**** Data provided

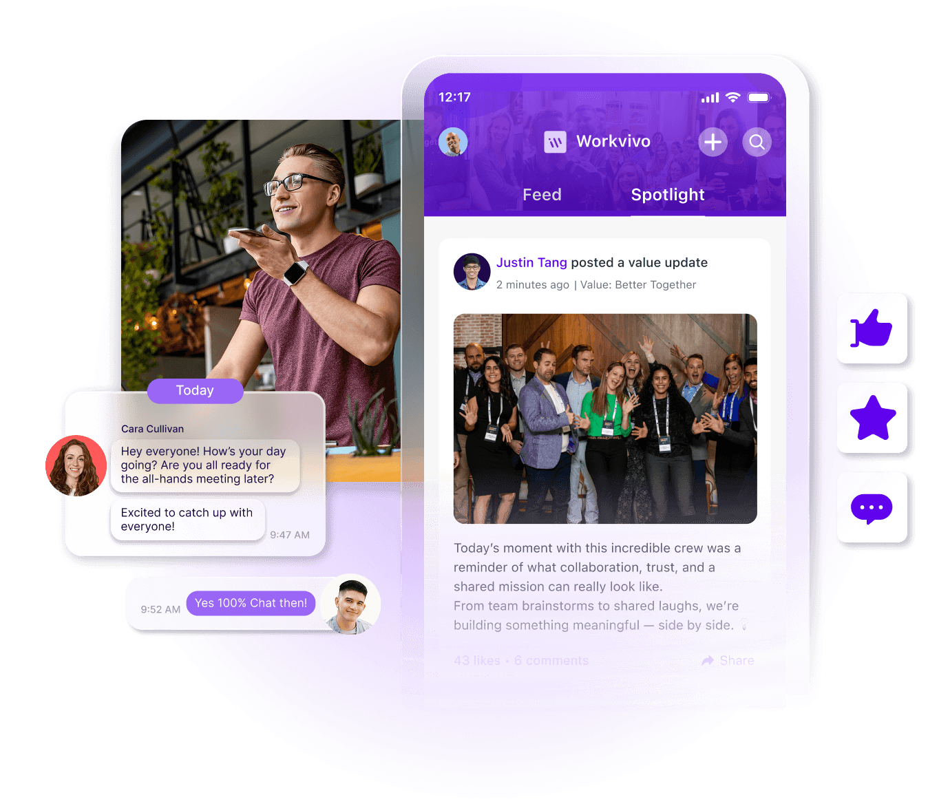 Egal, ob du wichtige Updates teilst oder alle für deine neueste Kampagne begeistern möchtest: Workvivo verhilft dir zu einer einheitlichen und ansprechenden Kommunikation, die außergewöhnliche Mitarbeitererlebnisse fördert und die Unternehmenskultur auf allen Ebenen verbessert.
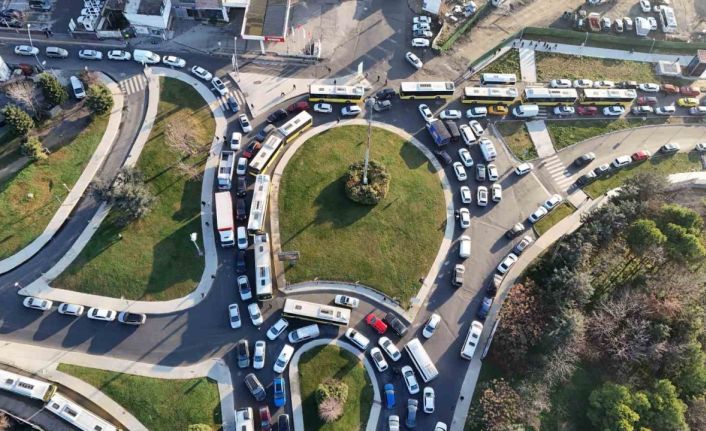 İstanbul’da İETT otobüsünde yaşanan arıza nedeniyle yolu araç trafiğine kısmen kapattı. Oluşan araç trafiği havadan çekilen görüntülere yansıdı. Bu sırada küçük boyuttaki araçlar zorlukla kalan otobüsün yanından geçerken geçemeyen otobüsler trafiği kilitledi. Otobüs daha sonra körüğü yamuk olmasına rağmen güçlükle ileriye sürüldü. Yaklaşık 1, 1-5 saat trafikte bekleyen vatandaşlar işlerine geç kaldılar. Kuyumcukent okak ve 29 Ekim Caddesinde araçlar yaşanan arıza nedeniyle yaklaşık 1 saat ilerleyemedi.
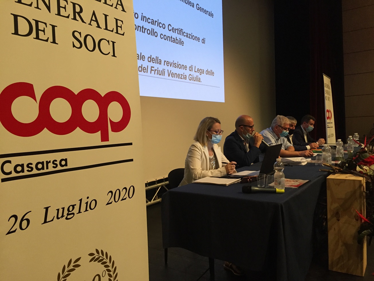 Una realtà solida e attiva da un secolo, che ha affrontato con coraggio le settimane dell’emergenza Covid-19: Coop Casarsa, nata nel 1919 come spaccio di paese e ora gruppo con 14 punti vendita tra Friuli Venezia Giulia e Veneto, ha concluso le assemblea annuali per i suoi oltre 16 mila soci. Il fondamentale appuntamento per la vita della cooperativa, che di consueto si svolgeva a fine maggio, a causa dell’emergenza coronavirus è slittato a fine luglio. Domenica 26 luglio nel teatro casarsese Pier Paolo Pasolini i soci della provincia di Pordenone (lungo la settimana analoghe assemblee si sono svolte nei giorni precedenti per quelli della provincia di Udine a Faedis e di Treviso a Francenigo) hanno approvato all’unanimità il bilancio 2019, chiuso in sostanziale pareggio (più mille euro). La riunione si è tenuta nel rispetto delle normative sanitarie.
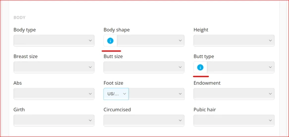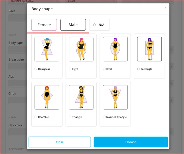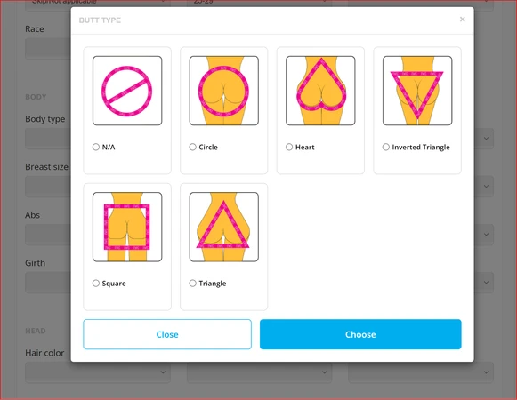 For Body Shape and Butt Type attributes, Artists will see images to help them with their selection by clicking on the blue info icon and can choose the body and/or butt type for that Artist.
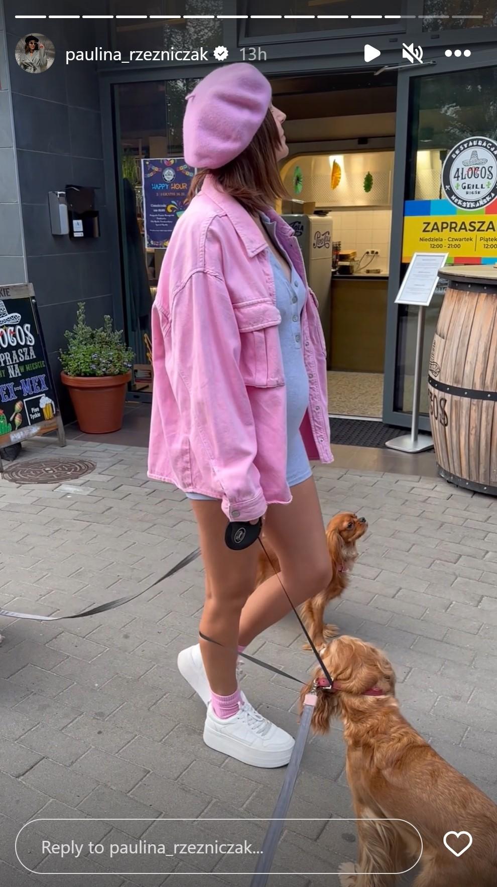 Na szczęście kilka godzin później żona Jakuba Rzeźniczaka poczuła się już na tyle lepiej, że para zdecydowała się wybrać na spacer. W InstaStories pojawiła się relacja z wypadu do kawiarni oraz fotki Pauliny w cukierkowo-różowej stylizacji – wyczekująca na przyjście na świat córeczki mama założyła szary, obcisły kombinezon z króciutkimi szortami i dużym dekoltem, który podkreślił jej duży ciążowy brzuszek, różową oversize’ową kurtkę, różowe skarpety i różowy beret.

********

• _Aim of the task_:
Leaving out the pictures, print each line of the records above from the first up to and including the one that contains "İstanbul’da İETT otobüsünde", exactly as written.

• _Solution_:
 Egal, ob du wichtige Updates teilst oder alle für deine neueste Kampagne begeistern möchtest: Workvivo verhilft dir zu einer einheitlichen und ansprechenden Kommunikation, die außergewöhnliche Mitarbeitererlebnisse fördert und die Unternehmenskultur auf allen Ebenen verbessert.
 İstanbul’da İETT otobüsünde yaşanan arıza nedeniyle yolu araç trafiğine kısmen kapattı. Oluşan araç trafiği havadan çekilen görüntülere yansıdı. Bu sırada küçük boyuttaki araçlar zorlukla kalan otobüsün yanından geçerken geçemeyen otobüsler trafiği kilitledi. Otobüs daha sonra körüğü yamuk olmasına rağmen güçlükle ileriye sürüldü. Yaklaşık 1, 1-5 saat trafikte bekleyen vatandaşlar işlerine geç kaldılar. Kuyumcukent okak ve 29 Ekim Caddesinde araçlar yaşanan arıza nedeniyle yaklaşık 1 saat ilerleyemedi.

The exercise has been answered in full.